In 2018, the appellant, LA Group, launched an application for relief for trade mark infringement against Stable Brands in respect of their use, under licence, of certain trade marks of the US Polo Association. The respondent, Stable Brands, instituted a counter application for cancellation of 46 trade mark registrations relied on for relief by the appellant. When the appellant withdrew the main application, the respondent persisted with its counter application on the basis that the appellant’s trade mark registrations were entries wrongly made or wrongly remaining on the register. The respondent succeeded, with the registrations being cancelled on various grounds.

The case was taken on appeal to the SCA. The judgment is long and this summary is limited to the majority judgment.

Insofar as removal under section 10(2)(a) was concerned, the respondent sought cancellation on the ground that the mark POLO was descriptive and not inherently capable of distinguishing, as the word ‘polo’ was not distinctive of the appellant’s goods.
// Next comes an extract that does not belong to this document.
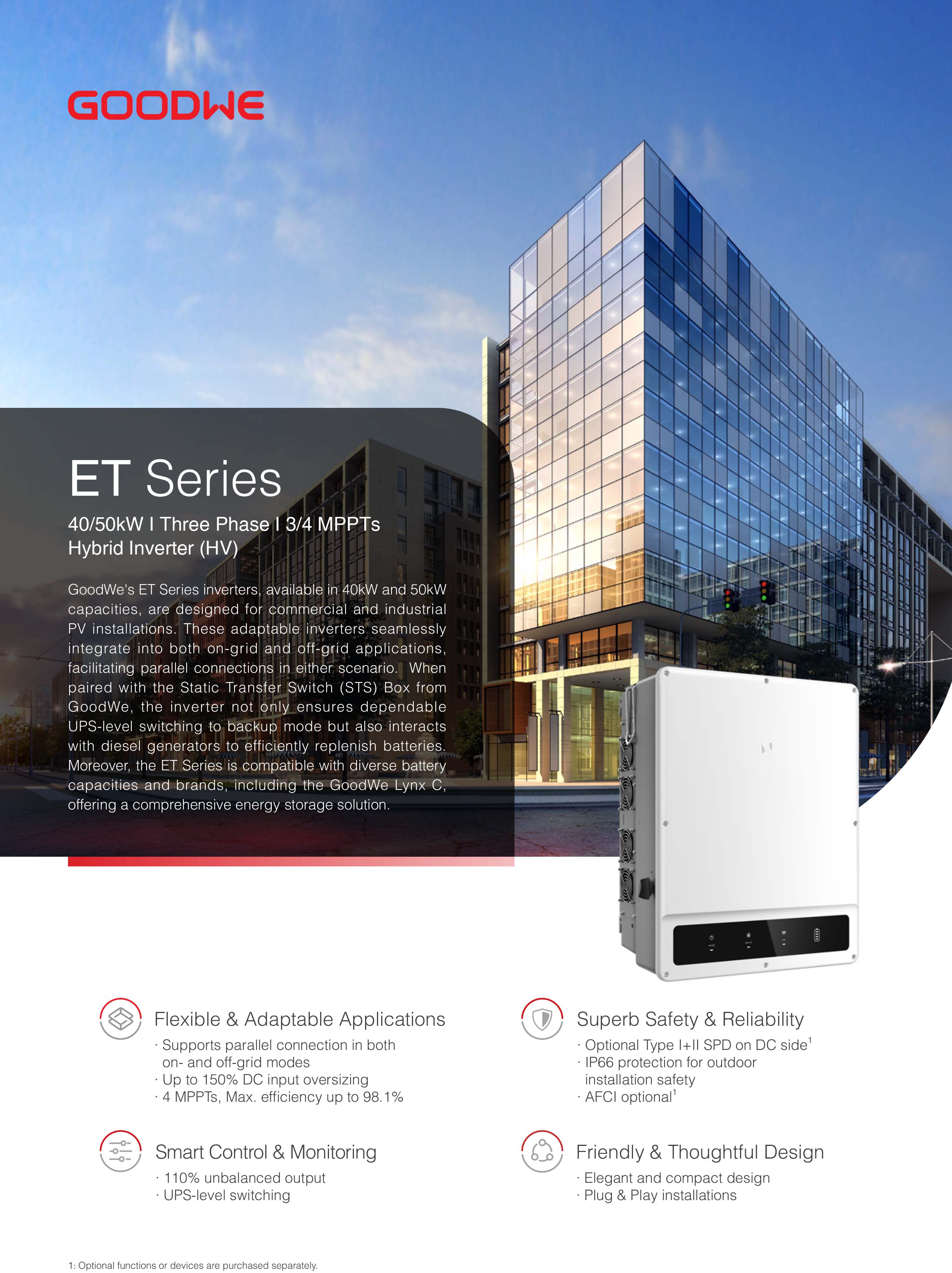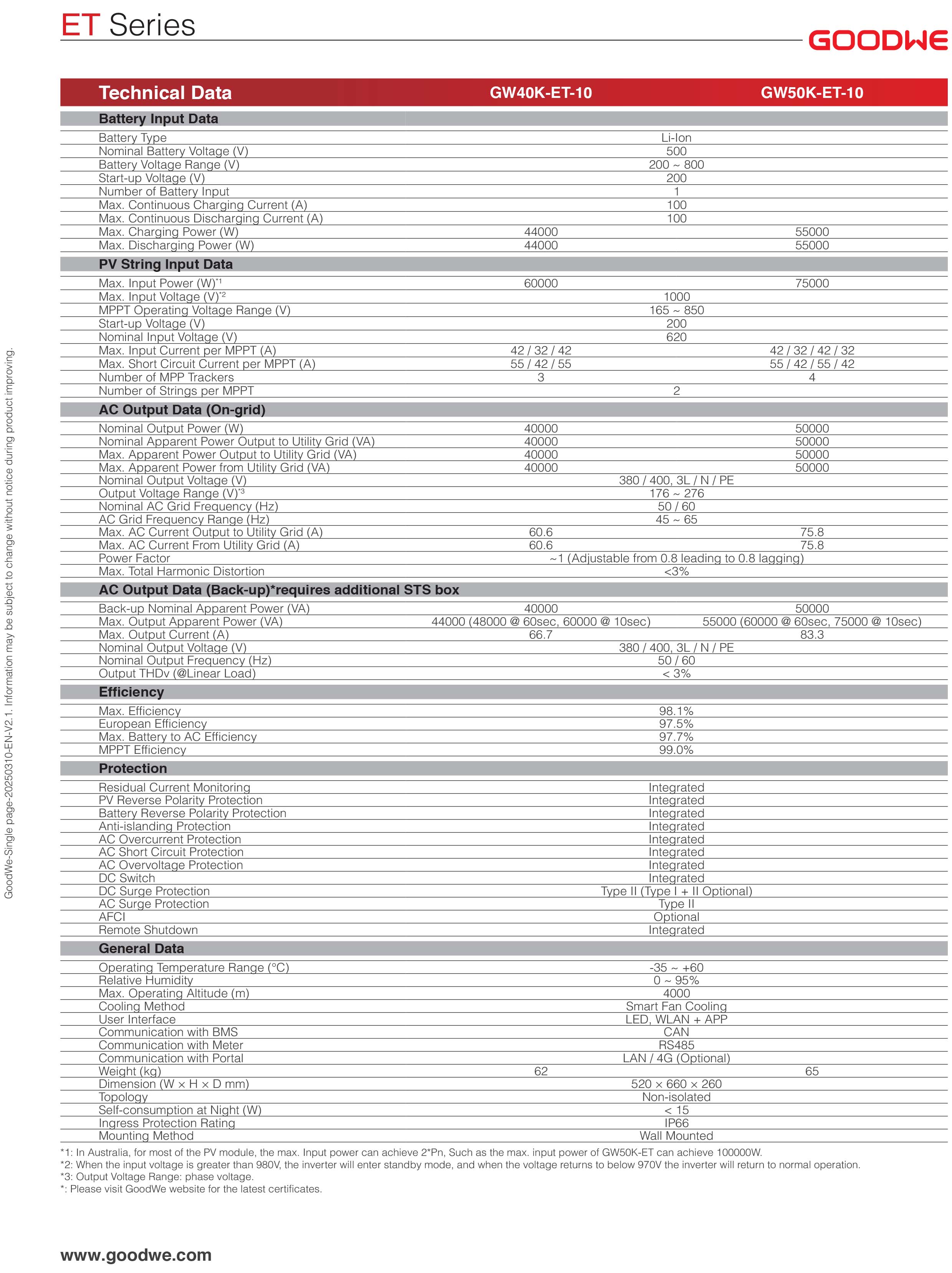 GoodWe GW50K-ET-10 – Biến tần hybrid 50kW 3 pha, IP66, SPD II, hỗ trợ hòa lưới & độc lập, AFCI tùy chọn, kết nối song song, hiệu suất cao, phù hợp dự án thương mại & công nghiệp.

The court found that the marks in question “have earned and still enjoy an immense goodwill and reputation” and that the “POLO trade marks have become firmly established in South Africa, having been operating in the marketplace as indicators of origin for more than 40 years”. “The general public…would identify goods bearing the POLO trade marks as originating from the appellant”. The marks were held to have become distinctive through use and not liable to be removed. Because the marks were held to have become capable of distinguishing, the marks challenged under section 10(2)(b) and (c) were not liable to be removed.

In terms of section 27(1)(b), a trade mark may be removed if there has been no bona fide use for a continuous period of 5 years up to 3 months before the date of application for removal. While most of the registrations were to remain on the register, the court held that certain trade marks had been correctly cancelled. The SCA was not satisfied with the proof of use relied upon by the appellant, which was a ‘diagram of associated registrations’ in support of its argument that all of its trade marks combined to form a “unitary brand” and “each individual trade mark registration was protected as part of this brand”. This approach was held to be impermissible.

In terms of section 10(13), “a mark which, as a result of the manner in which it has been used, would be likely to deceive or cause confusion” is liable to be removed. The majority judgment of the SCA held that it is not about the “confusion … likely to result from the use of a confusingly similar trade mark by two different entities”, being the appellant’s alleged failure to distinguish its goods from those of Ralph Lauren. It is use of the mark itself that must be likely to cause deception or confusion.

Save for upholding the removal of certain marks from the register in terms of sections 27, the counter-applications for removal were dismissed as well as the applications in terms of sections 24 read with 10(2) and section 10(13).